Considering engineering and construction services firm Murray & Roberts’ (M&R’s) “all time high” order book of R60.5-billion, and near orders of R19.9-billion, CEO Henry Laas says the group is “well positioned” for a return to profitability in the 2022 financial year.
He adds that the firm is also expected to achieve meaningful earnings growth in the short- to medium term.
Laas attributed the growth in order book to M&R having broadened its market focus to mitigate the cyclicality of the natural resource markets.
Overall, for the six months ended December 31, 2020, the group largely recovered from the initial and major Covid-19 restrictions impact, and now has a “robust cash position”, with R2-billion of unrestricted cash and R2.2-billion of unused cash facilities.
The energy, resources and infrastructure (ERI) platform's order book increased significantly and is now expected to make a significant contribution to earnings in the 2022 financial year.
In addition to multibillion-dollar infrastructure and resources spend forecast in Australia over the next ten years, M&R expects to benefit from several partnerships currently under consideration in the US that will make Clough US a “strong contender” for engineering, procurement and construction (EPC) projects in the region.

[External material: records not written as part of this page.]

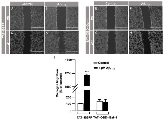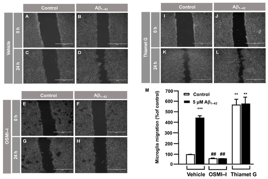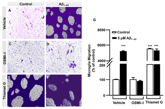 3.2. O-GlcNAc Homeostasis Controls Aβ1–42-Induced Microglial Migration
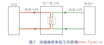 圖2中,一級(jí)熱力管網(wǎng)的高溫水和二級(jí)熱力管網(wǎng)的低溫水在用戶熱力站經(jīng)過換熱器間接換熱后供給熱用戶。而混水系統(tǒng)中(見圖l),一級(jí)熱力管網(wǎng)的高溫水和二級(jí)熱力管網(wǎng)的低溫水在用戶熱力站不經(jīng)過換熱器,而是直接混合后供給熱用戶。與間接換熱系統(tǒng)相比,混水系統(tǒng)更容易因?yàn)樗疁氐耐蝗簧叨a(chǎn)生氣體。
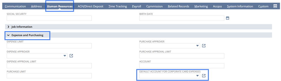 NetSuiteの始め方|従業員レコードを介したコーポレート・カード経費のデフォルト・アカウントの設定
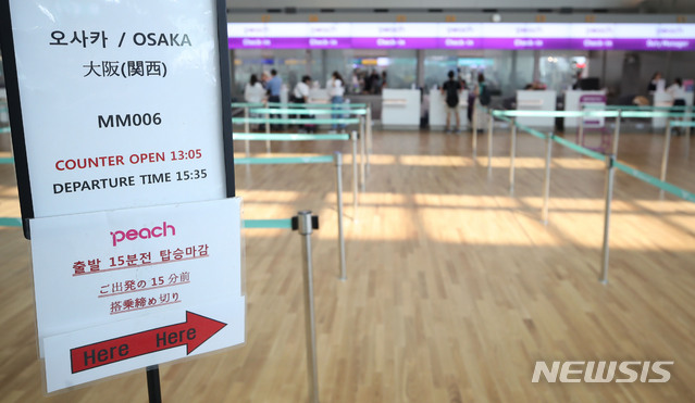 사진은 28일 오전 인천국제공항 1터미널 오사카행 피치항공 체크인 카운터가 비교적 한산하다. 2019.08.28.
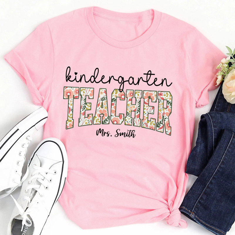 Personalized Vintage Flower Teacher Name Position Teacher T-Shirt
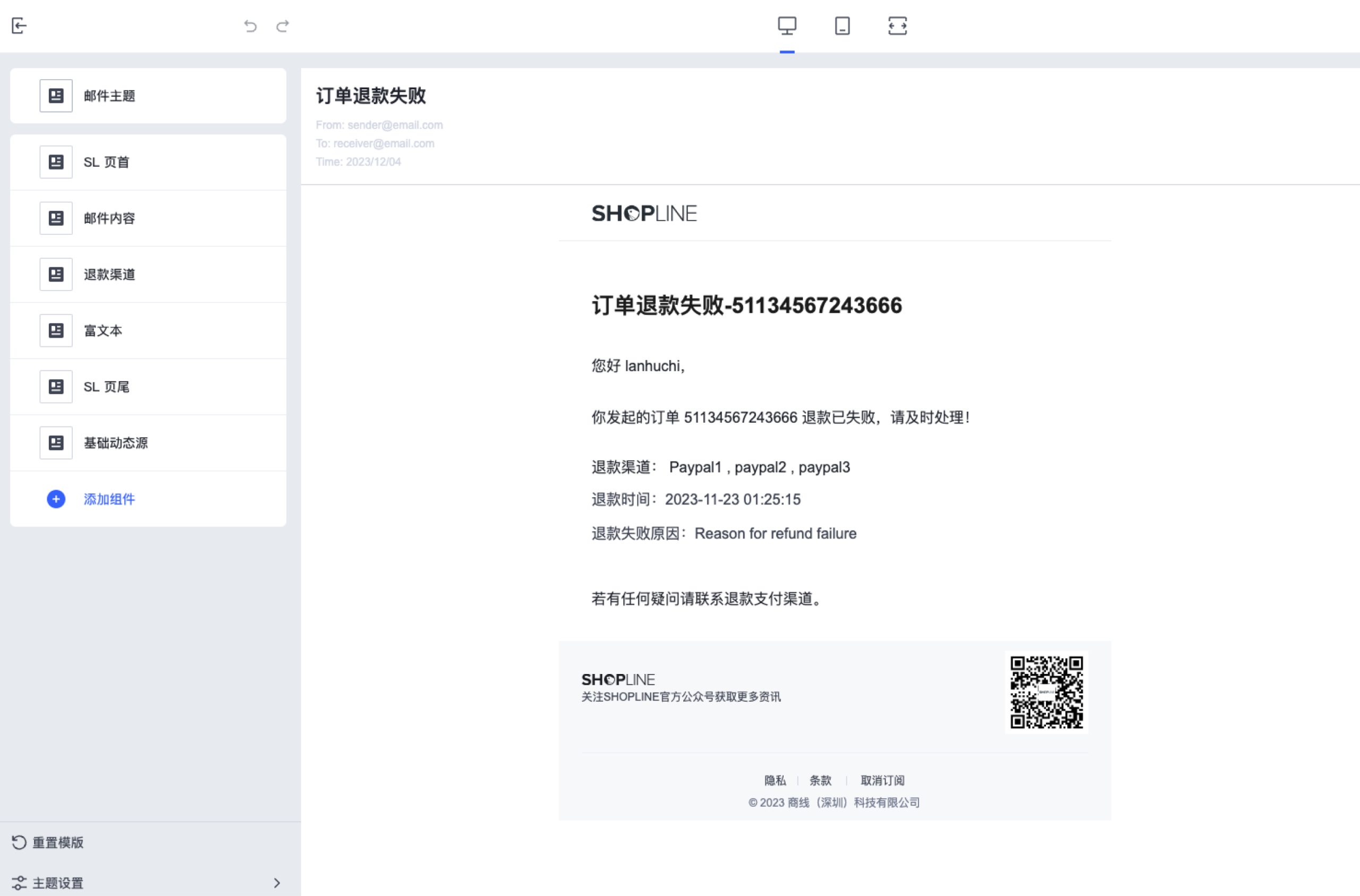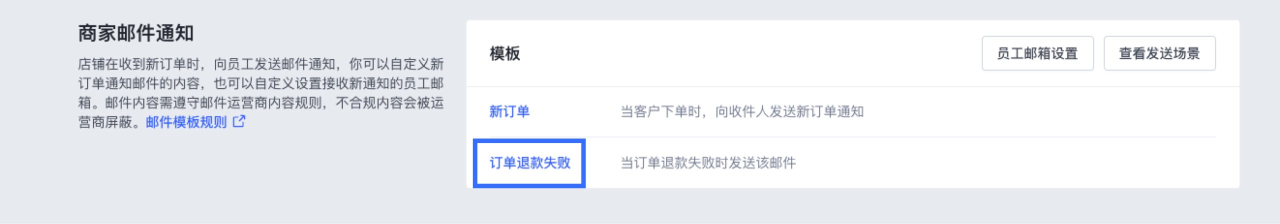 当店铺订单退款失败时,SHOPLINE 将通过邮件的形式通知,根据情况对退款进行重新处理。
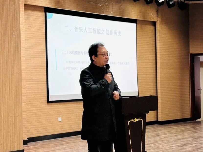 李鹏云教授以专业系统的讲解,从历史发展的角度系统梳理了音乐人工智能演进的三个阶段:第一阶段专家系统算法作曲时代,通过将作曲手法、和声学等专业技术转化为数学规则,实现基础的音乐创作,但受限于规则刚性;第二阶段风格模仿时代,借助机器学习技术,通过分析作曲家作品特征实现不同风格音乐的生成,突破了统计规律学习的瓶颈;第三阶段深度学习时代,以生成式人工智能为代表,利用大规模数据集训练实现具有艺术水准的音乐自主创作。在应用展示环节,李鹏云通过丰富的音频案例,现场演示了AIGC、Suno Studio等工具在旋律生成、和声编排等场景的实践运用,展现了生成式AI在作曲、编曲、音乐制作等领域的创新应用,并特别强调提示词在AI音乐创作中的关键作用。同时,李鹏云从课程建设、教学改革、创作实践等方面介绍了国内外院校在音乐人工智能教育中的探索经验,为我院相关专业建设提供了重要参考。最后,他就"AI会否取代音乐创作者"“面对AI作为学生或教师应具备怎样的能力”"如何评估AI音乐作品的艺术价值"等问题与我院师生展开深入交流,提出了专业性的见解。王建成副院长在总结中指出,当前音乐教育创新的重点在于师生如何把握人工智能发展机遇,优化教学、科研与创新模式。他强调,"人工智能+音乐"课程建设是未来专业发展的重要方向,全体教师应主动探索AI技术与音乐课程的融合路径,推动人才培养模式的转型升级。
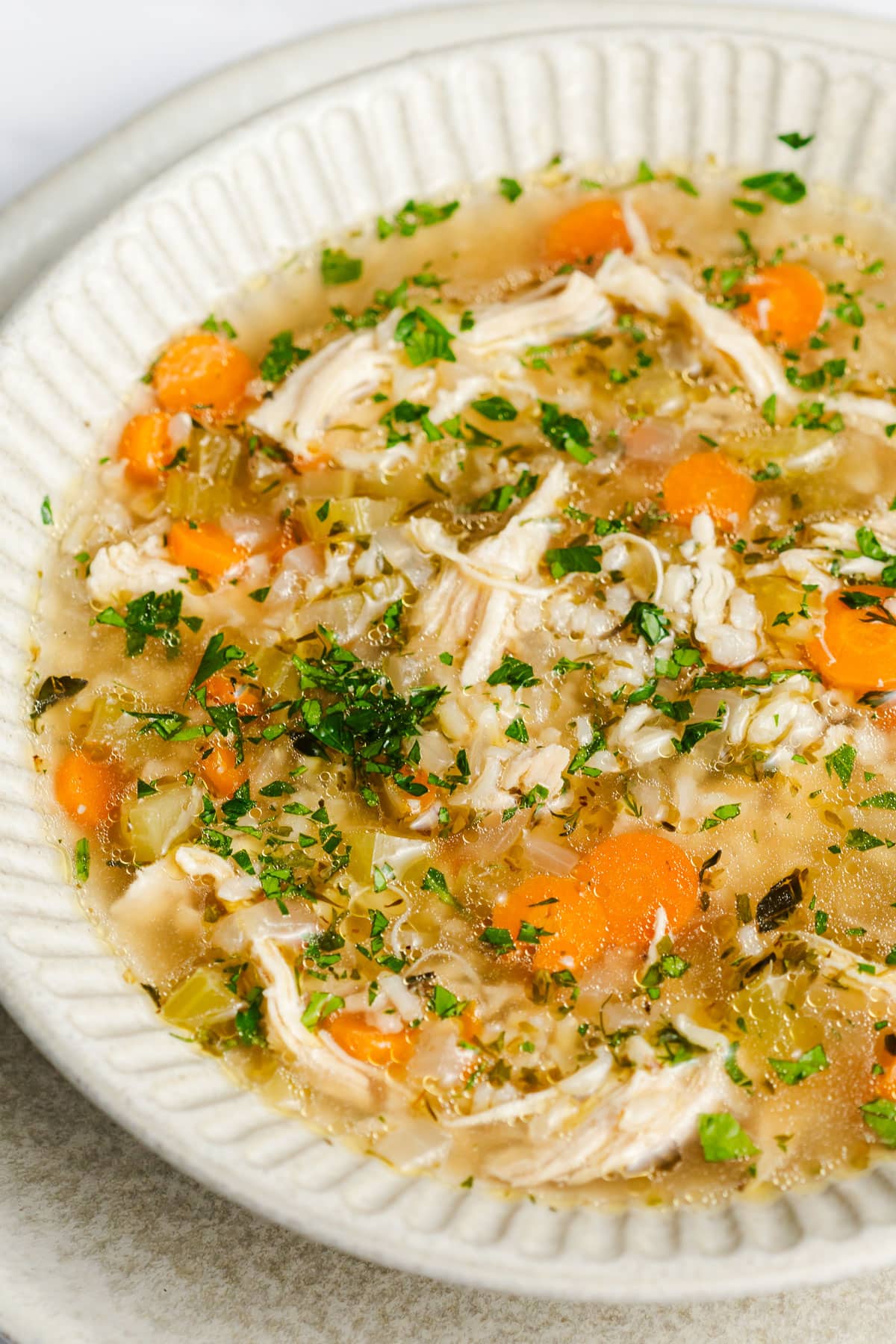 This classic soup is easy to make and perfectly cozy. It’s loaded with the simple flavors of tender chicken and vegetables. Plus it contains brown rice so it’s hearty enough to satisfy. No fancy ingredients. Just good food that tastes oh so yummy.
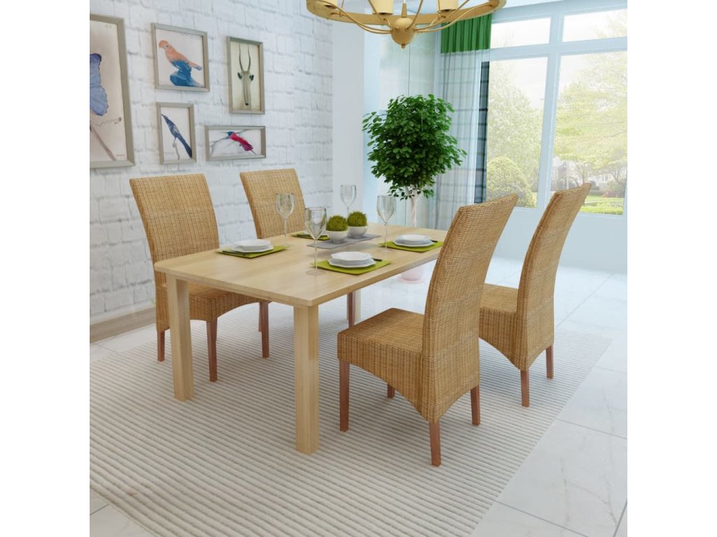 Tato originální sada jídelních židlí z pravého ratanu s tropickým vzhledem bude skvělým doplňkem do vašeho interiéru. Díky rámu z tvrdého dřeva a použití pravého ratanu mají tyto židle nejen robustní strukturu, ale jsou také příjemné po estetické stránce.
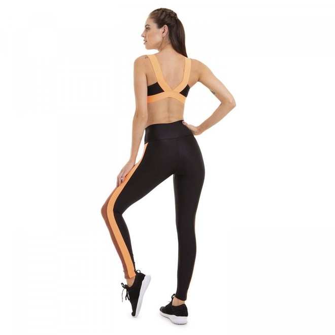 Possui detalhes com recortes misturando tecidos com efeito brilhoso e aplicação com elástico flúor.
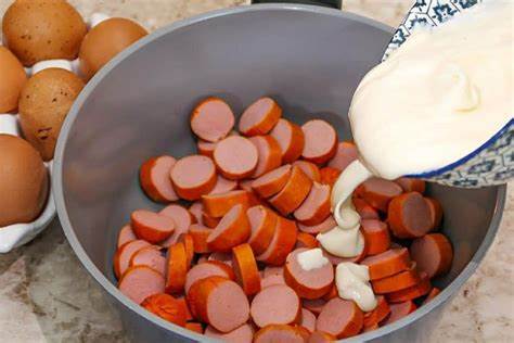Para a receita do molho de cachorro quente, você só precisa combinar molho de tomate, água, açúcar, sal, pimenta-do-reino, mostarda, catchup e salsichas cortadas em rodelas. Cozinhe até que os sabores estejam bem integrados e as salsichas estejam aquecidas. Sirva quente nos pãezinhos para um lanche delicioso!
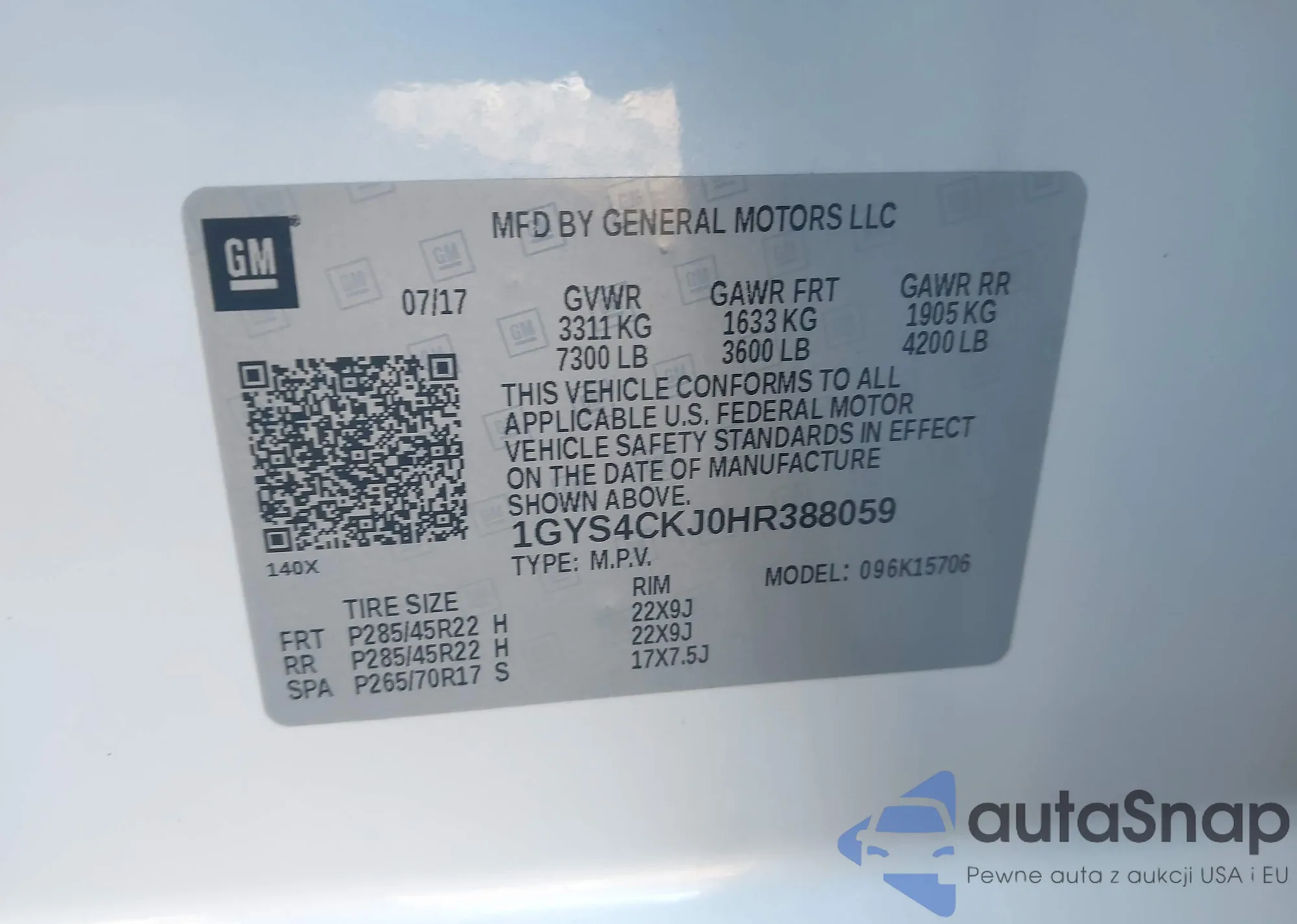 LOT: 43748731 VIN: 1GYS4CKJ0HR388059

The Clough brand is well established and associated with providing project delivery for more than 100 years on large and technically challenging projects in the ERI industries, Laas says.
The demand for liquefied natural gas (LNG) is expected to recover in the medium term as the global transition to a carbon-neutral economy gathers momentum, presenting further opportunity for growth for M&R.
The ERI platform has near orders of R5-billion and pipeline opportunities of R43.9-billion.
Near orders are tenders where the group is the preferred bidder and final award is subject to financial or commercial close, and there is “more than a 95% chance” that these orders will be secured, M&R’s presentation shows.
In terms of M&R's mining platform, which declined marginally owing to Covid-19-related delays, Goldman Sachs and JPMorgan are forecasting a recovery in commodity prices, as well as the start of a new supercycle and a much longer structural bull market for commodities.
Capital investment in the mining sector continues, Laas notes, adding that this is mainly in brownfield expansions, “although it is expected that new investment in new mines will return from mid-2021 onwards”.
Laas further anticipates increased demand for vertical shaft work in Australia and several projects are expected to be awarded during the second half of the 2021 financial year.
In sub-Saharan Africa, the awards and start of new projects has been delayed, but is expected to materialise within the 2021 calendar year.
The platform holds the leading position in most major regional underground mining markets in the western world.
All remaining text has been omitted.